Yourwellness Magazine Follows Up Charity Blood Pressure Warning
London, UK (PRWEB UK) 25 July 2013 -- According to figures gathered by the Stroke Association, reported 12th on the June, blood pressure levels in Worcestershire are amongst the highest in the country, which means residents are more at risk of having a stroke. As a result of finding that the county has the second highest blood pressure levels in the West Midlands and the eighth highest in the UK, the Stroke Association has urged people to review their lifestyles to lower the risk. This includes measures such as cutting down on the amount of saturated fat and salt in their diets, increasing the amount of regular exercise they do, quitting smoking, losing weight if needed and reducing stress levels. (http://www.redditchstandard.co.uk/2013/06/12/news-County-residents-more-at-risk-of-stroke-73917.html)
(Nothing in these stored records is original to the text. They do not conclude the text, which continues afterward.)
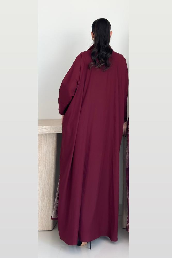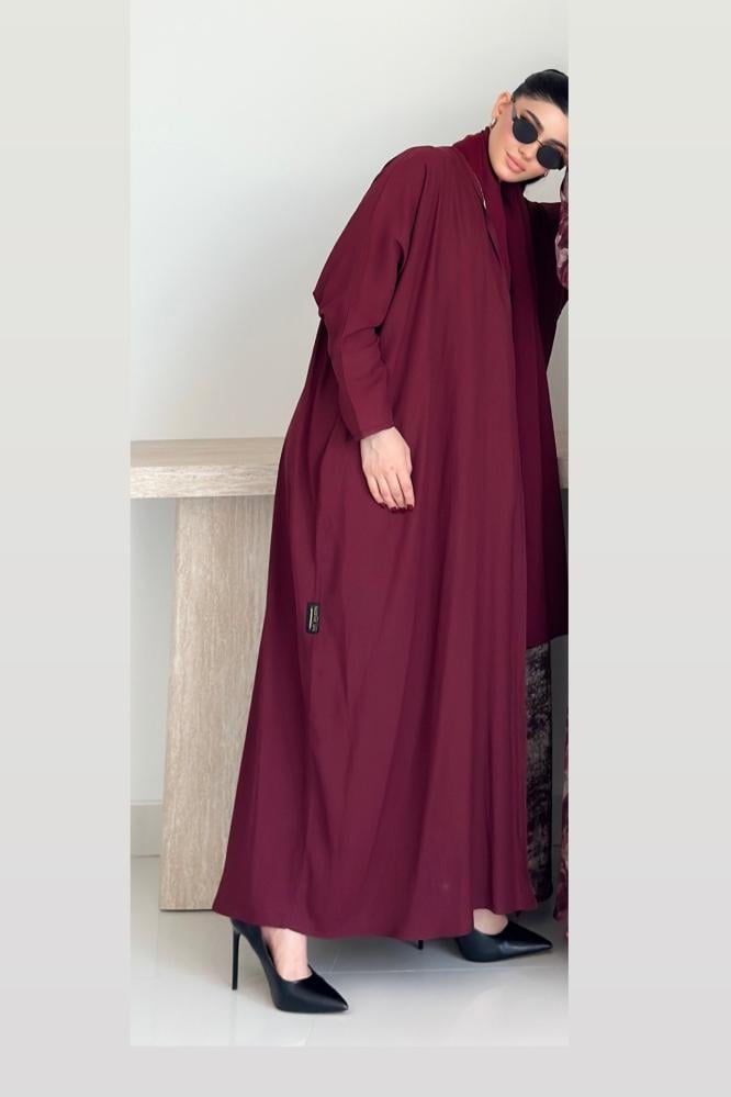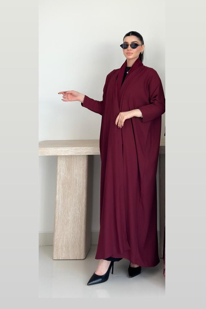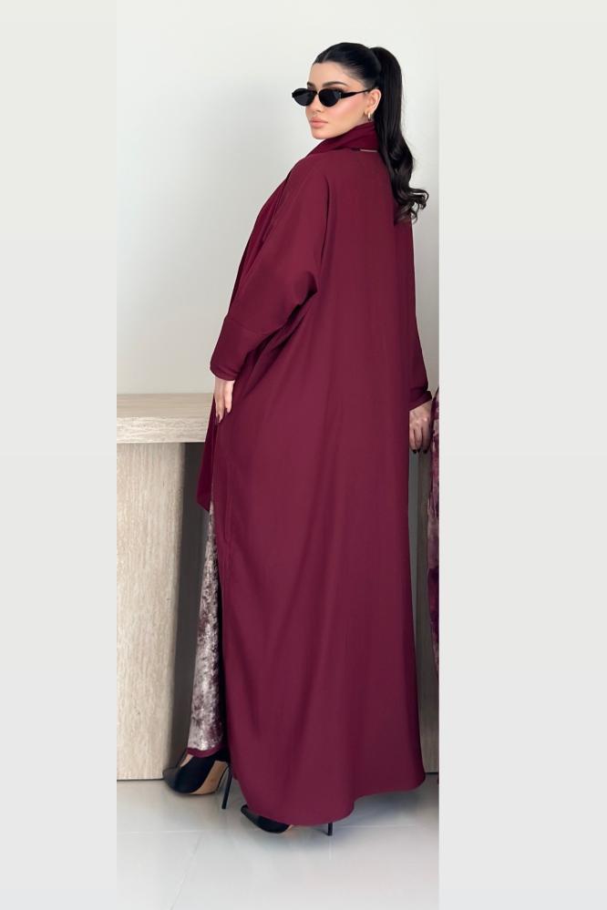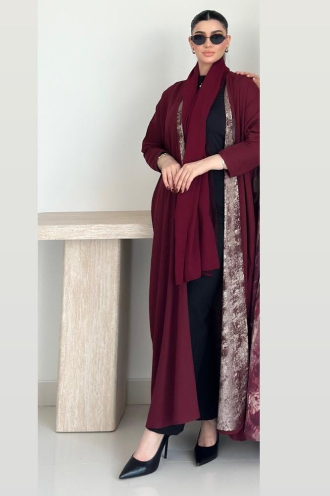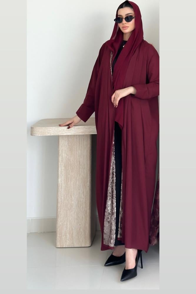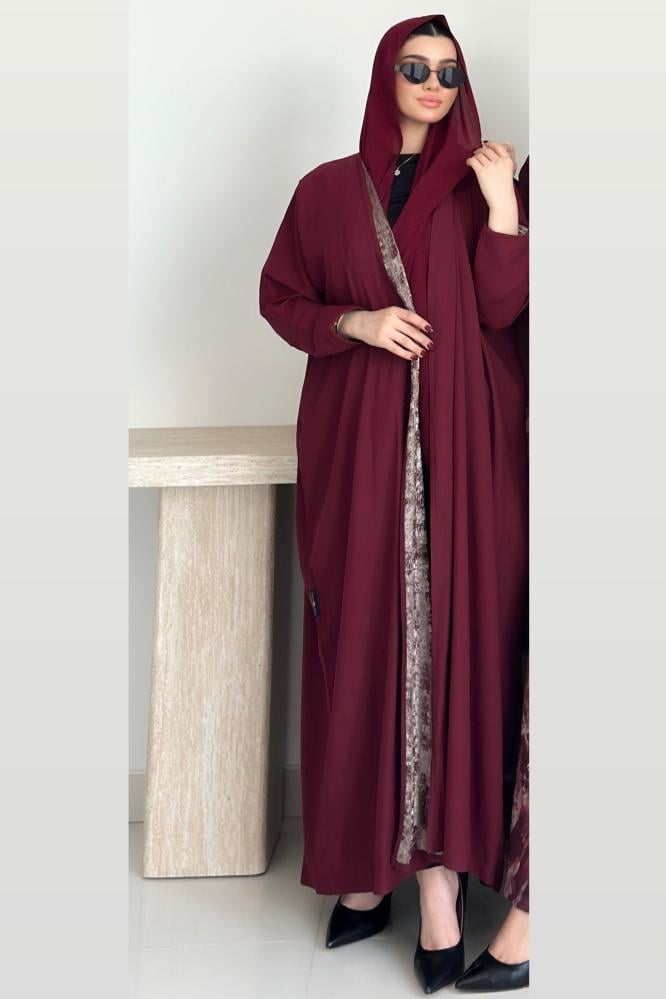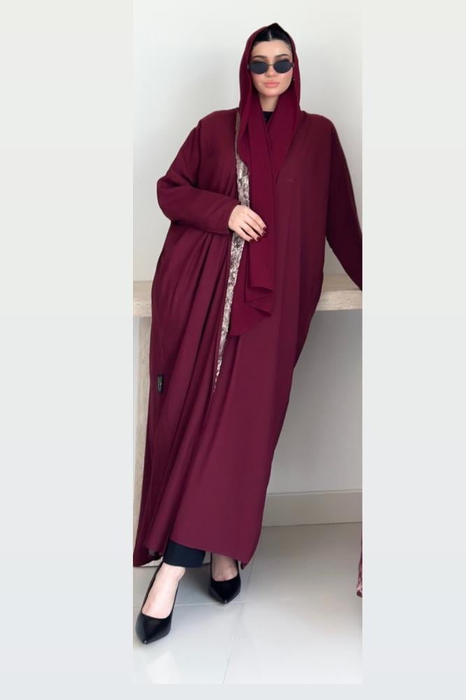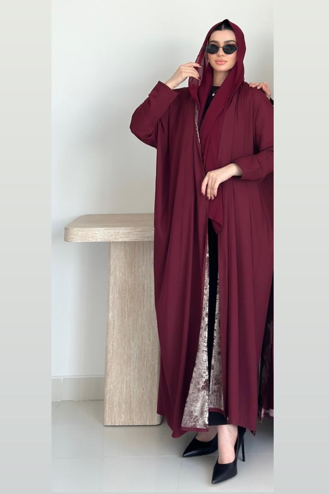 عبايه حرير لاميه دبل فيس تلبس عالوجهين وجه عنابي و وجه ذهبي مطفي مع طرحة عنابي نفس اللون محدده بالطول بتل عنابي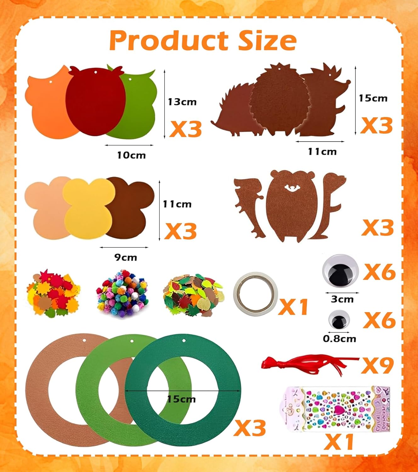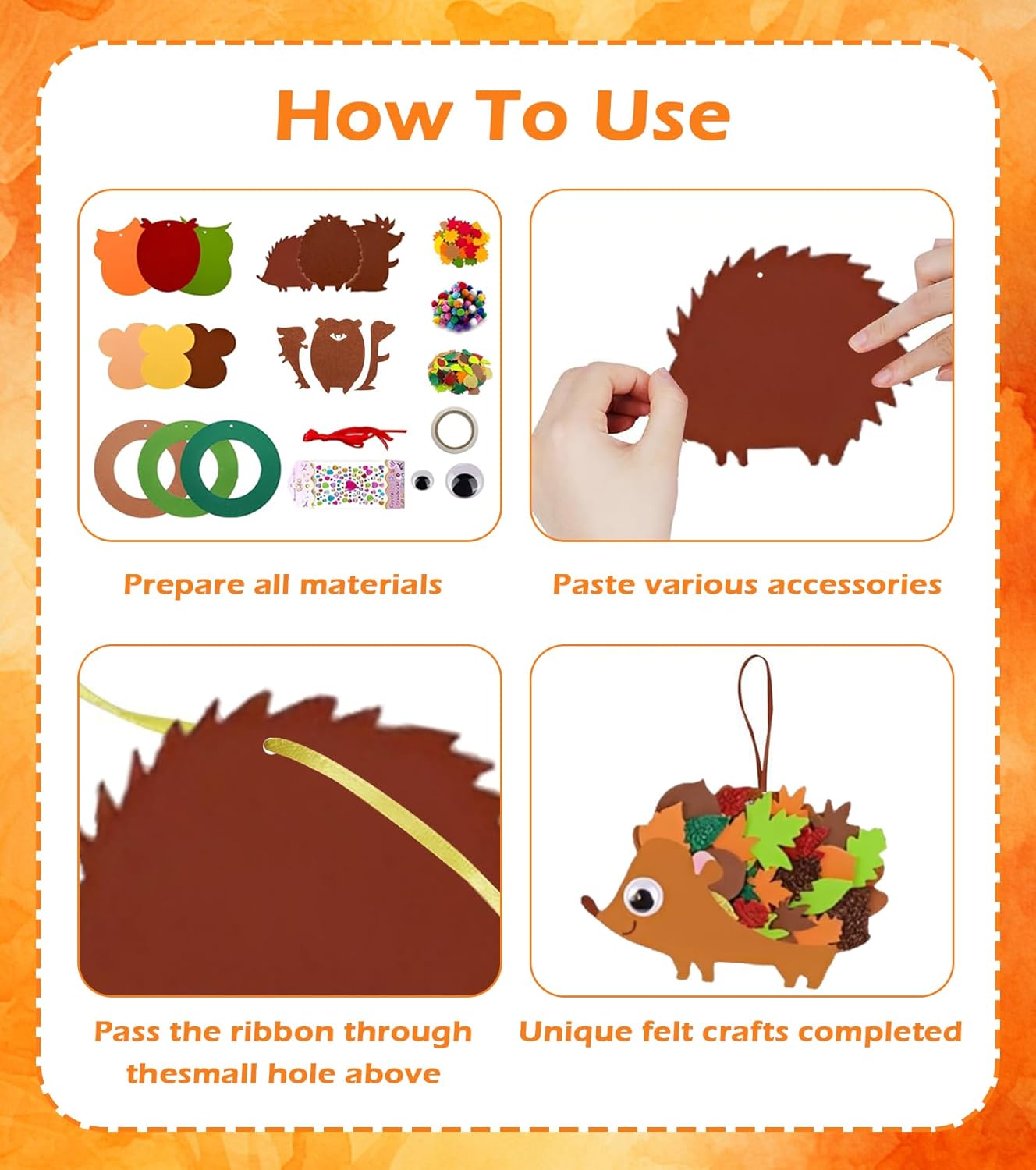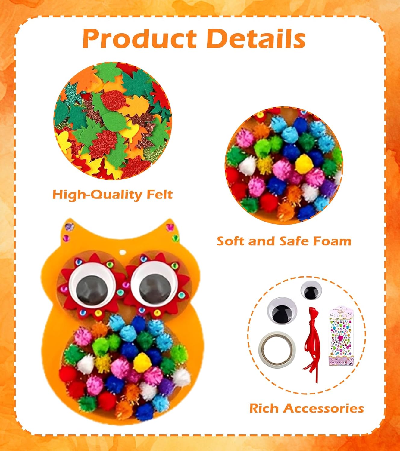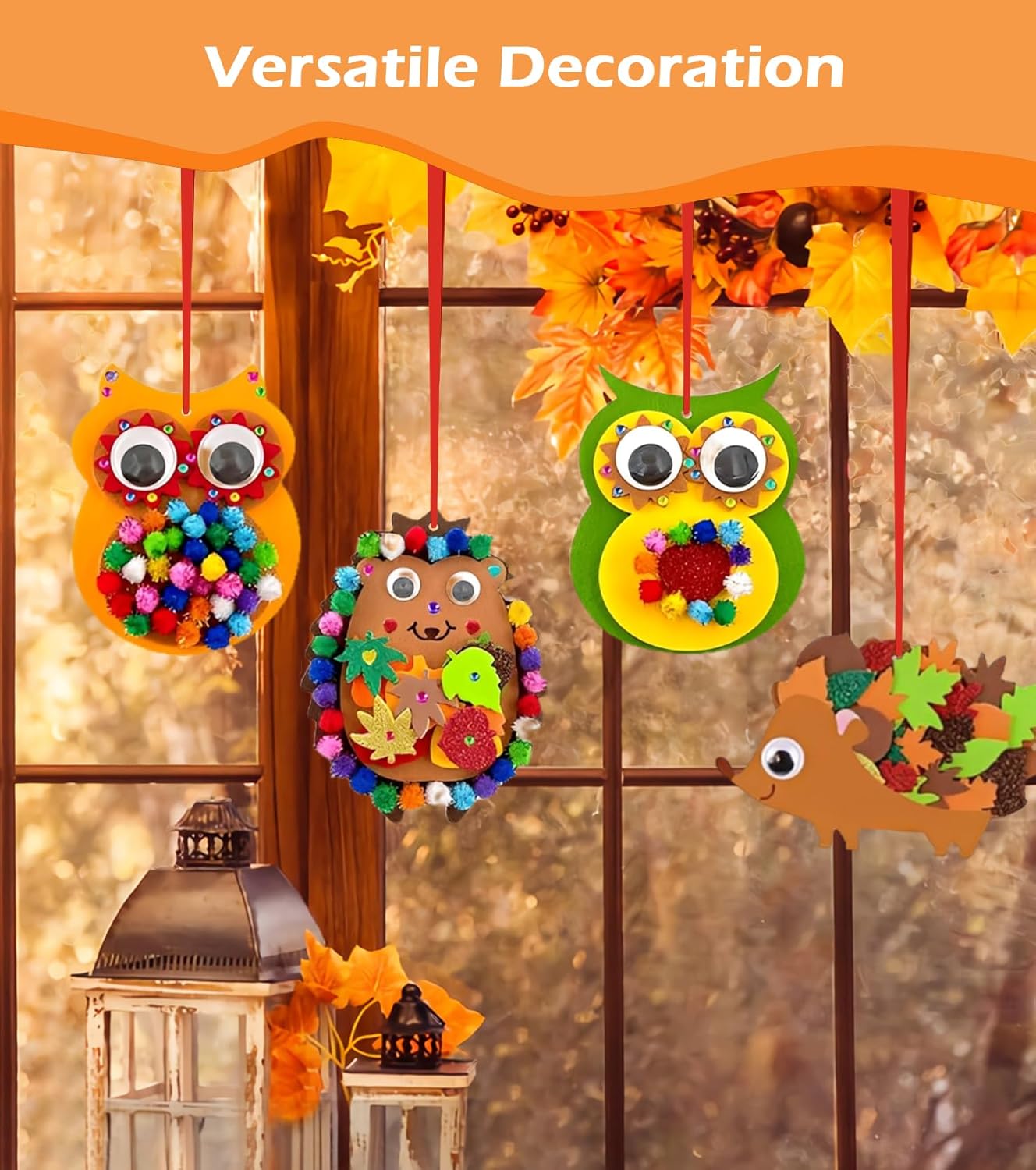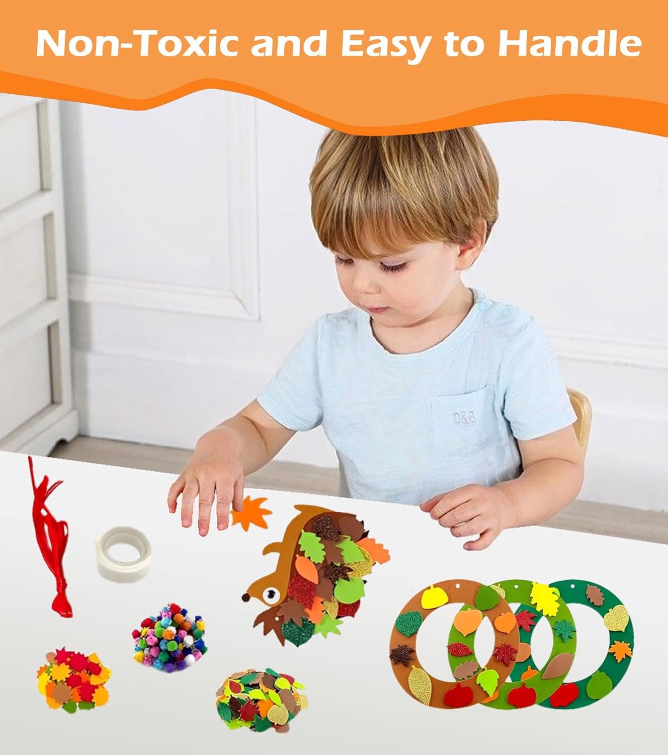Ampio set fai da te – Il nostro set per l'autunno per bambini contiene gufi, ricci e ghirlande in feltro e gomma espansa, nonché adesivi, nastri e pompon. Tutto in un unico set, in modo che i bambini possano iniziare subito a fare il fai Materiali sicuri e adatti ai bambini: il set fai da te in feltro per bambini è realizzato in feltro colorato, leggero e atossico e gomma espansa. Tutte le parti sono sicure per le mani piccole, resistenti e ideali per il fai da te con la famiglia. Creatività e motoria fine: il set fai da te in gomma espansa per bambini supporta giocosamente lo sviluppo di fantasia, coordinazione occhio-mano e destrezza. I bambini possono implementare le proprie idee e presentare con orgoglio le loro opere d'arte. Facile da usare: le parti autoadesive consentono di creare senza problemi senza forbici o colla. Anche i bambini più piccoli possono creare facilmente i motivi, mentre i genitori devono solo aiutare con adesivi fini. Perfetto per feste e decorazioni: che si tratti di feste autunnali, Halloween, Ringraziamento o Natale: con questo set per bambini per l'autunno si creano graziose decorazioni che abbelliscono finestre, pareti o regali e entusiasmeranno anche come pensierino.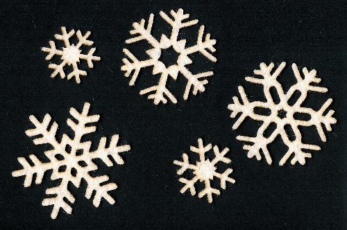 Ce lot comprend 5 cristaux de neige. Les 3 plus grands font d'environ 6 cm, les 2 plus petits 3 cm. Alors, régalez vous à accompagner vos photos d'hiver de ces jolis flocons tout doux.
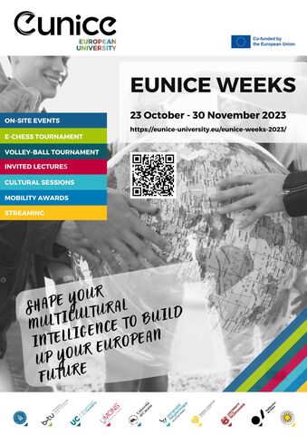 Organizadas por primera vez en 2021, las Semanas EUNICE tendrán lugar este año del 23 de octubre al 30 de noviembre. El objetivo de estas semanas es concienciar a los estudiantes, y a la comunidad universitaria en general, de su identidad europea mediante la promoción de los valores europeos de multilingüismo, interculturalidad e inclusión.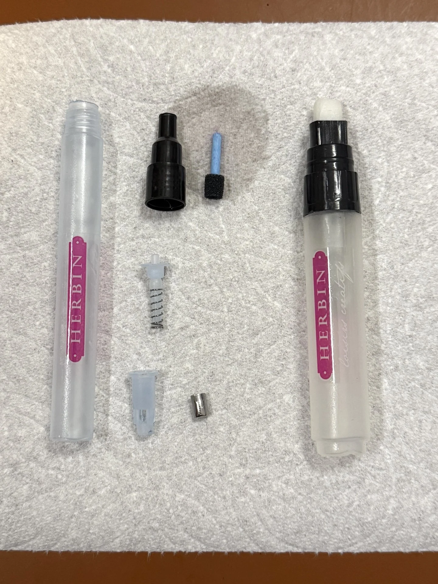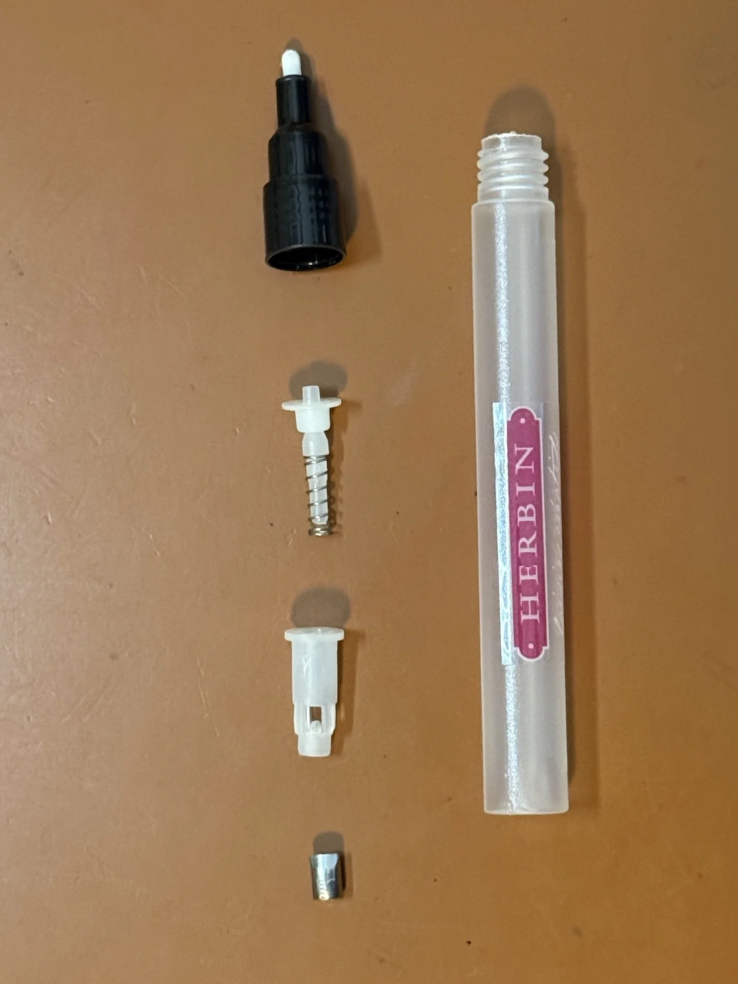 Aside from the cap (not pictured), the marker is composed of the barrel (right), the tip & cone/grip, a spring piece that sits inside a plastic “cup and a metal agitator.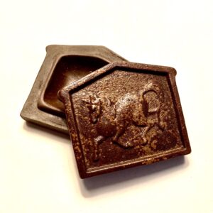 Kō-gō, 香合, incense-gather, in the form of an e-ma, 絵馬, picture-horse, with an image of an uma, 馬, horse, Bi-zen-yaki, 備前焼, Provide-before-fired, by Ki-mura Tō-hō, 木村陶峰, Tree-town Ceramic-peak; H. 1.6 sun kane-jaku.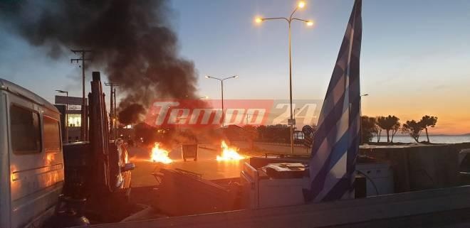 Κλειστή παραμένει η Πατρών - Πύργου στο ύψος των Ιτεών καθώς Ρομά καίνε κάδους και διαμαρτύρονται για τον θάνατο απο πυροβολισμούς αστυνομικών του 20χρονου στο Πέραμα.
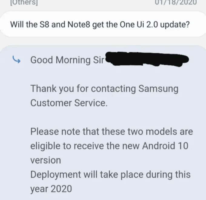 Пользователь задал вопрос, получат ли Galaxy S8 и Galaxy Note 8 долгожданный Android 10. В техподдержке пообещали, что «десятка» доедет и до не самых свежих девайсов. Это хорошая новость.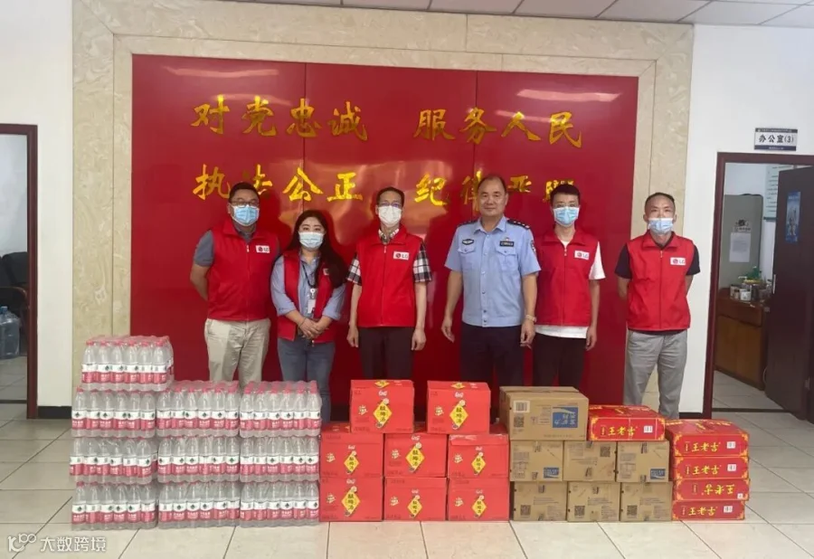 ,代表公司向坚守一线的工作者们表达敬意,并为他们送去了宝矿力水特、王老吉、酸梅汤等清凉解暑饮品。

With this in mind, Yourwellness Magazine looked at ways to reduce blood pressure through diet. According to Yourwellness Magazine, “High blood pressure can be greatly improved using a nutritional approach.” Yourwellness Magazine outlined six basic rules for lowering blood pressure, as well as balancing blood sugar levels and losing weight (http://www.yourwellness.com/2012/01/nutrition-and-high-blood-pressure/):
1. Reduce Sodium (salt) – Read food labels for the sodium content and try to eliminate processed meats like ham, bacon, salami, and hotdogs, cheese, cheese spreads, packet sauces and gravies and ready-meals.
2. Increase Potassium – Emphasise potassium-rich foods such as bananas, avocado, sweet potatoes (with skin), Brussel sprouts, spinach, broccoli, plain low-fat yoghurt, beetroot and beet leaves, celery, beans and lentils, parsley and sage.
3. Consume more Omega 3 Fatty Acids – As well as being great sources of omega 3s, many foods are also high in potassium. Choose salmon, tuna, mackerel, sardines, flaxseed, pumpkin and sunflower seeds to get a double dose of heart healthy nutrients.
4. Eat fewer Grains – Avoid refined and starchy carbohydrates like white bread, pasta, rice, potatoes and all flour products like pastries, cakes, biscuits and crackers.
5. Eliminate Sugars – Don’t touch sweets, fizzy drinks and chocolates, and try to avoid caffeinated drinks.
6. Stop eating ‘Trans’ fats – Trans fats drive up levels of LDL cholesterol whilst lowering levels of the heart protective HDL cholesterol. They also damage the lining of the arteries, which leads to hardening and thus high blood pressure.